The Content Navigator empowers users to swiftly search for specific information across multiple uploaded documents in various formats. It's designed with a user-friendly interface and powerful search capabilities, making it a breeze to find relevant data in large sets of documents.
- Multi-Format Support: Upload and search across documents in various formats such as 'pdf', 'doc', 'docx', 'csv', 'json', 'txt', 'htm', 'html', 'ppt', and 'pptx'.
- Flexible Search Options: Specify the exact information you want to search for in each document.
- Traceability: View search results along with a trace of the relevant documents.
- Scalability: Handle large content by integrating with external vector databases using PineCone API.
Please note that by default, the app tries to use in-memory embedding for all document content. However, in case of extensive content combining all uploaded documents, the app conveniently uses the PineCone Vector Database.

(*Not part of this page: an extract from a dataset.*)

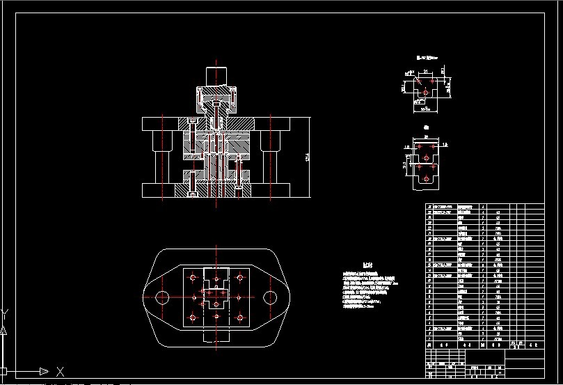 最后,根据我们计算出地凸凹模刃口尺寸数据和模具设计过程中的结构,尽量选用合适的标准件,做到标准化,从而完成装配图以及主要零件的设计。最后在进行确定和校核模具高度,选择合适的标准模架,进行压力机校核,以满足实际生产的需要。

We split the UI into two pieces to accommodate details in snapshots.
-
Clone the repository:
git clone https://github.com/your-username/document-searcher.git
-
Navigate to the project directory
cd document-searcher
-
Install Poetry using pip (if not already installed):
pip install poetry
-
Activate the virtual environment using Poetry:
pip shell
-
Install the project dependencies using Poetry:
poetry install
Create a .env
file in the root directory of the project:
-
Add your own OpenAI API key as:
OPENAI_API_KEY = 'your-key-here'
-
In order to handle large document content, the app will use
PineCone
vector database. Please set up your PineCone API key:PINECONE_API_KEY = 'your_pinecone_api_key'
-
After installing the dependencies, you can run the Streamlit app in the root directory by executing the following command:
streamlit run app.py
-
Please follow the prompts and upload your documents in the permitted formats.
-
Specify the information you want to search for.
-
The app will search the requested information, display the results and the trace of relevant documents.
This project is licensed under the MIT License - see the LICENSE file for details.